Live album by Peter Hammill
- Released: Feb 1985
- Recorded: December 1983
- Genre: Art rock
- Length: 81:46
- Label: Foundry
- Producer: Peter Hammill

Peter Hammill chronology
| The Love Songs (1984) | The Margin (1985) | Skin (1986) |

= The Margin (album) =

The Margin is a live album by Peter Hammill, documenting early 1980s concerts by his K Group. Hammill used the alias K (on vocals, piano and guitar), Nic Potter was Mozart (on bass guitar), Guy Evans was Brain (on drums), and John Ellis was Fury (on backing vocals and guitar).
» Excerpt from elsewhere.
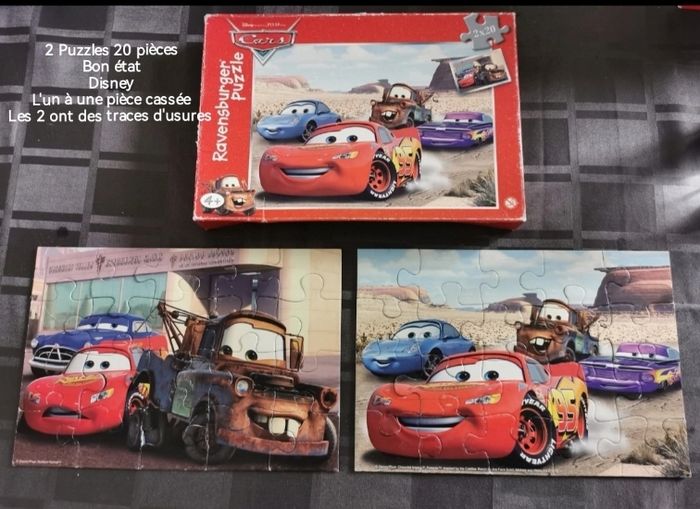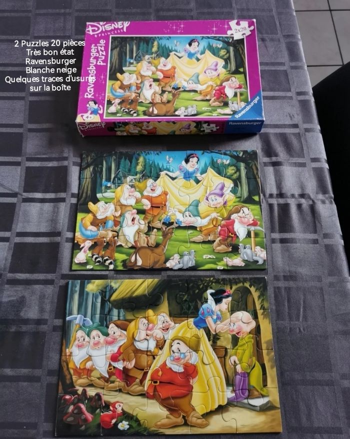 Lot 4 puzzles 20 pièces. -2 puzzles Blanche neige très bon état. Quelques traces d'usures sur la boîte. -2 puzzles Cars. L'un à une pièce cassée, les 2 ont des traces d'usures. Bon état.
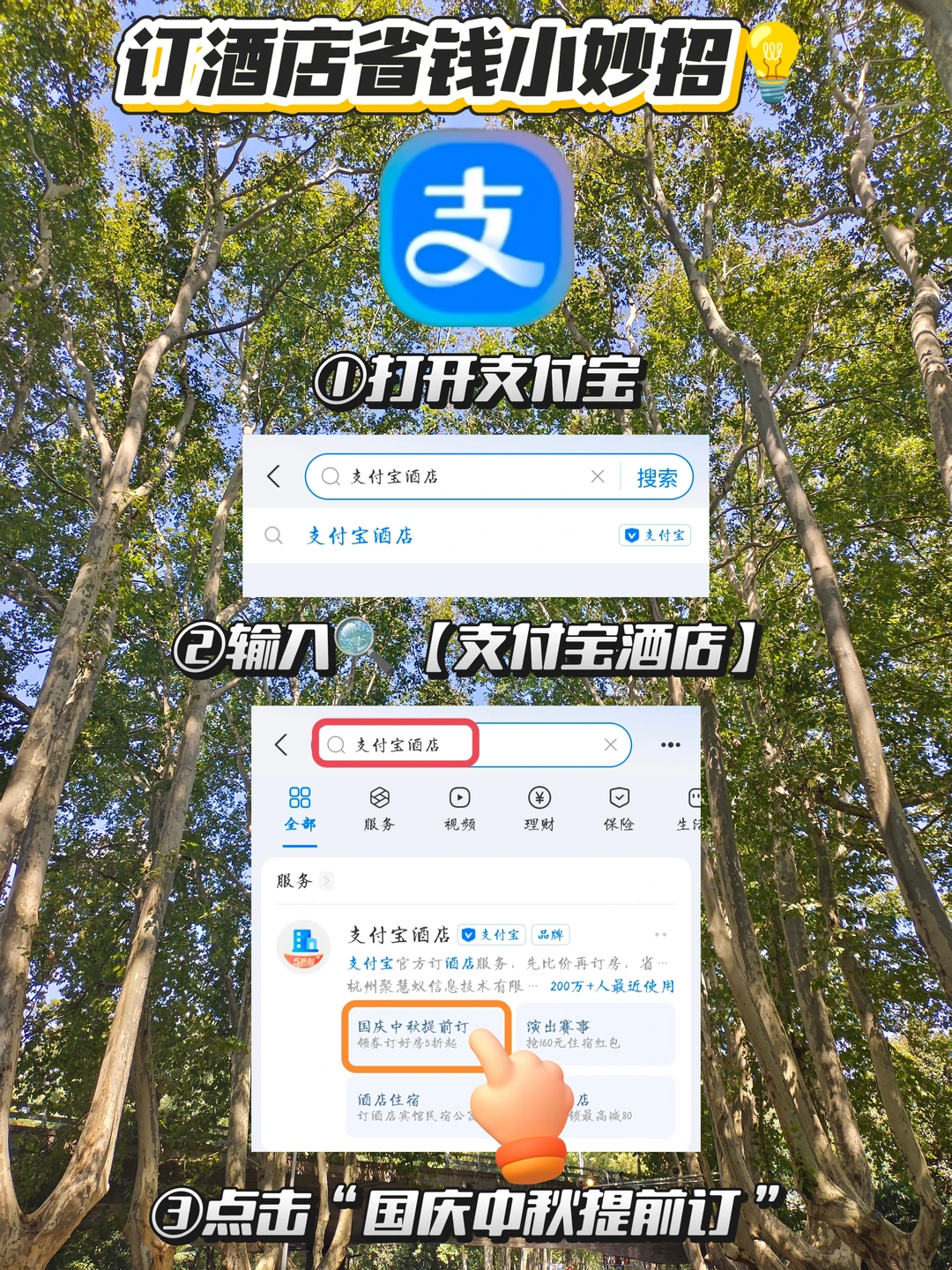 大家中秋国庆小长假出游真的可以用支付宝来提前订酒店,会送很多的酒店券,直接帮我们省下了大几十✌🏻

The album was originally released as a double album on Foundry Records in 1985. It was reissued later on CD on Virgin Records in the UK with one track missing in order to make it fit onto a single CD and on Line Records in Germany with two tracks missing. Hammill then reissued it again on his own Fie! record label, as The Margin +. This issue did not restore the track lost from the UK CD edition from the original vinyl release, "The Second Hand", but included an additional disc of material previously released as a live bootleg called The Secret Asteroid Jungle. The liner notes explain that Hammill chose to include a different performance of "The Second Hand".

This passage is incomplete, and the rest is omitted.